In March 1983 Richmond agreed to sell both the former Slade's Farm golf course site and adjacent Blackmore Farm site for a sum of £300,000 to D.J. Squires on a 999-year lease. Squires Garden Centre business was established on the Blackmore Farm site. The disposal was authorised both by the GLC and the Secretary of State for the Environment and the sale concluded in March 1986. Squires immediately reassigned the lease of the golf course to Fulwell Golf Club which continued the public play commitment established during the war through a reduced fee access agreement for local residents.

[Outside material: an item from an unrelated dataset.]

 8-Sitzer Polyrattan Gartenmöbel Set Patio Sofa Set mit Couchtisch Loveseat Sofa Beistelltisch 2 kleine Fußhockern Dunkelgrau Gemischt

There was some local disquiet about the price achieved from the sale and complaints were made to the Local government ombudsman. From 1995 the matter was investigated by the District Auditor who issued a Public Interest Report in November 1999 that did not uphold the objections. A subsequent complaint to the Audit Commission against the District Auditor was upheld but a request for a further audit refused in 2002. In response to continued protest, the local authority established a scrutiny task force to investigate the allegations. In 2005 the task force published its report and found no evidence of wrongdoing but commented:
Their findings do however give them cause for concern and an understanding of why some members of the public believe that the Council was, at the very least, unprofessional/incompetent, a belief fuelled by a series of apparent coincidences.
  Following publication of the report further documents obtained under the Freedom of Information Act threw doubt on the scope of evidence considered by the task force. This resulted in a complaint to the Information Commissioner's Office that was upheld, however the inquiry’s findings were not materially changed.

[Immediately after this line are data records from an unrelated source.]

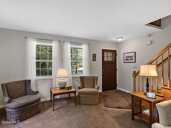 Wonderful 3 bed 3 bath colonial home located on a cul-de-sac in beautiful Greenfield center. This home is in desirable Saratoga School District and just minutes from downtown Saratoga Springs. From the front pristine sitting porch enter this meticulously maintained home to find a cozy living room with a fireplace, eat-in kitchen with a door to the deck, SS appliances and a second-floor laundry in the master bath. The spacious family room with a gas wood stove also has a full bath and sliding glass door that opens to a large newer trex-deck overlooking the beautiful back yard and a private 2.6 acres. The family room could also be used as a first-floor bedroom. The home also boasts a newer updated master & main bath, newer driveway, heated garage with a floor drain and a separate RV garage.
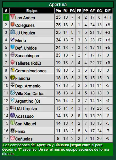 El campeón del certamen clasificará a una definición contra el del Clausura (se disputará en el segundo semestre) por el primer ascenso. A su vez, los equipos suman puntos para una tabla general que definirá, concluidos el Apertura y Clausura, qué seis conjuntos competirán en el Reducido, que dará el segundo pasaje a la Primera Nacional.
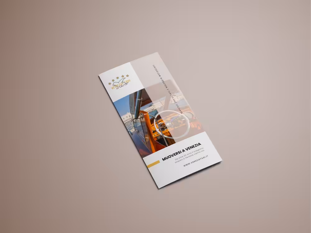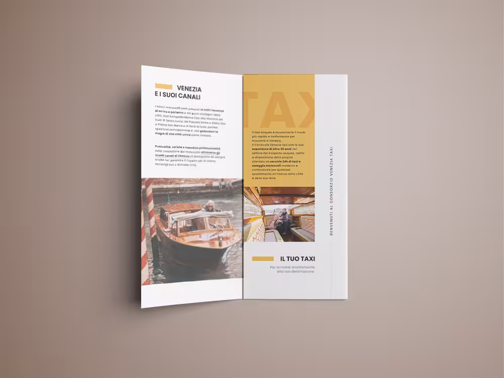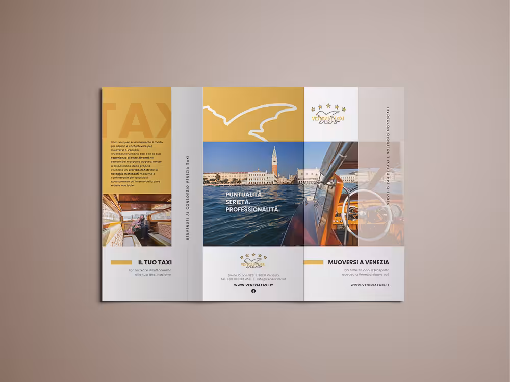 The Venezia Taxi brochure is not just an informational document; it aims to convey the brand identity of the company. Its clean, minimalist design communicates seriousness and professionalism, reflecting the modern and reliable image of Venezia Taxi. Every graphic element has been meticulously crafted to communicate the company’s values: efficiency, courtesy, and reliability.

=== Consideration as a school site ===

In 2018, a triangle of open land behind the David Lloyd Centre was formally assessed by Richmond Council to determine its suitability as a school site. The conclusion was that there would be several barriers to overcome, making it very difficult from a planning perspective.

==Environment==
Anciently the area formed the southern extent of Hounslow Heath. The agricultural heritage of the site is still visible as drainage ditches and mature tree lines still reflect 19th century field boundaries.

More recently, efforts have been made to promote biodiversity on the site. Non-native Leyland cypress and Eucalyptus trees have been removed and habitats provided for stag beetles and hedgehogs.

==Twickenham Golf Course==

With the post-war redevelopment of Fulwell Golf Course in the late 1950s, the nine former "outer course" holes 7 to 15 to the north of the Fulwell site furthest from the Fulwell Golf Club clubhouse were given up for 'recreational purposes'. The intention was to provide hockey and football pitches, bowling green, tennis courts, an open-air swimming pool, gymnasium and café. The high cost of development led to delay and, instead, in 1975, the site was reinstated as a 9-hole public play and pay golf course, known as Twickenham Golf Course with access from the Staines Road. Part of the site became home to Thamesians RFC between 1982 and 1992.

In 2002 the site was transferred to Stax Leisure Ltd (later acquired by David Lloyd Leisure), on a 125-year lease and was sub-let to the Gobafoss partnership, part of AXA in 2005. The 'Amida' sports and recreation facility was developed on the site in 2002 and a swimming pool added in 2011. In 2011 the site operator caused local controversy when access to a footpath crossing the site, popular with dog-walkers and part of a cycle route, was temporarily closed following claims of vandalism.

The present 6076 yards par 70 course comprises three par 3, four par 4 and two par 5 holes.